Source: USA TODAY
SOWETO, South Africa — It was fitting that on the national day of prayer Sunday for the late Nelson Mandela, the pews and every available standing space at Regina Mundi Catholic Church were filled to capacity with congregants, tourists and members of the press.
The church, built in 1964, is woven into the history of the township that was the epicenter of the uprising against apartheid and its congregants gathered here and in thousands of churches nationwide as foreign dignitaries arrived to honor the man who led the fight for democracy and an end to white rule. A public memorial service is planned at a soccer stadium Tuesday, and an invite-only funeral will be held Sunday in his hometown.
Regina Mundi was the church that offered anti-apartheid activists shelter from police bullets and tear gas during the now famous 1976 uprising in which thousands of students protested and more than 100 died.

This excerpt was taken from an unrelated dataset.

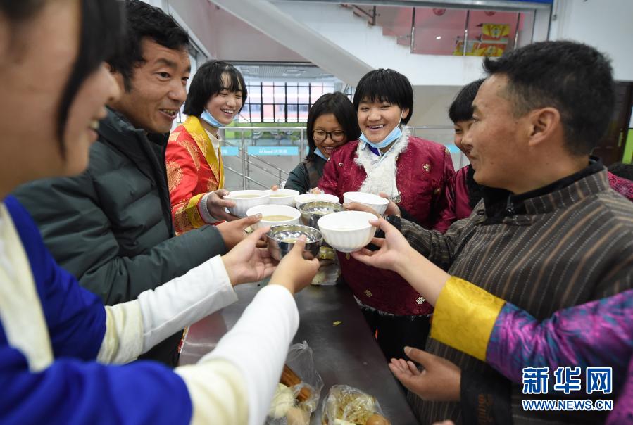 當(dāng)天是藏歷新年,也是農(nóng)歷大年初一,合肥市第三十五中學(xué)西藏班的學(xué)生們用民族特色方式歡度“雙新年”:大家自制藏式甜茶,手捧切瑪盒和哈達(dá)向老師同學(xué)們拜年。

So it was fitting as well that Doris Malinga sat on the wooden pews Sunday in the church that has been at the center of the pivotal moments of her life.
It was in the brick building with stain glassed windows and marble altar where she sought refuge from the police in 1976. It was in the church’s courtyard where, she says, supporters of the minority white rule killed her 20-year-old son 17 years later.
And it was in those very pews where she sat the following year and began to let go of her anger against white oppressors. That was when she heard Mandela’s call for peace, forgiveness and reconciliation after he himself was released from 27 years in prison for trying to overthrow the government.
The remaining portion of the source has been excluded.